1 利便性の向上を図るための諸制度の新設



~電話会議システム等の導入(家事事件手続法54条1項、同法258条1項)~

  この点について、従来は明文の規定がなく、離婚調停などの調停手続において、申立人は相手方が遠方に居住する場合においても、相手方の居住地を管轄する家庭裁判所に調停の申立てを行い、調停期日には、基本的に申立人本人が遠方の家庭裁判所の調停に出席する必要がありました。



例えば、相手方が沖縄に居住している場合には、東京に居住している申立人は沖縄の家庭裁判所に離婚調停の申立てをし、沖縄の家庭裁判所の調停期日に出席する必要がありました。このように、申立人にとって、かなりの時間的・経済的負担を強いられていました。



 しかし、今回の法改正により、「当事者が遠隔の地に居住しているときその他相当と認めるとき」には、「当事者の意見を聴い」た上で電話会議システムやテレビ会議システムを利用できることが明文で規定されました。先ほどの例で言いますと、電話会議システムやテレビ会議システムの利用が認められた場合には、申立人は、調停期日において沖縄の家庭裁判所に出頭することなく電話会議やテレビ会議による調停を行うことができます(もちろん、調停には出席したものとして扱われます)。

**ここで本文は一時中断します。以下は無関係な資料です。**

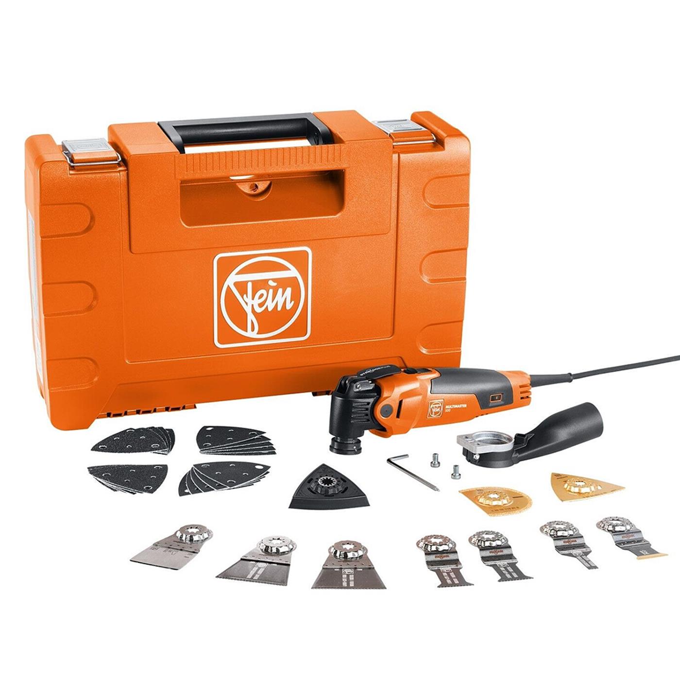 | Lieferumfang | 1 x Fein MultiMaster MM 500 PLUS Oszillierer - 1x Fein E-Cut Long-Life Sägeblatt 10 mm - 2x Fein E-Cut Long-Life Sägeblatt 35 mm - 2x Fein E-Cut Long-Life Sägeblatt 65 mm - 1x Fein E-Cut Long-Life Sägeblatt 32 mm - 1x Fein HM Sägeblatt Ø 75 mm - 1x Fein HM Raspel Dreieck - 20x Schleifblatt gelocht ( 5x K60 / 5x K80 / 5x K120 / 5x K180 ) - 1x Spachtel - 1x Schleifplatte gelocht - 1x Absaugvorrichtung - 1x Transportkoffer |

このように、電話会議システム等の利用が認められた場合には、申立人は、調停期日に遠方の家庭裁判所まで足を運ぶ必要がなくなることから、申立人の時間的・経済的負担が大きく軽減されることになりました。



もっとも、調停に至るまでに代理人がついているような場合は、双方代理人が合意のうえで東京などの裁判所で調停を行う旨の合意をすることが可能であり、実際に遠方に出向くことはあまり多くはありませんでした。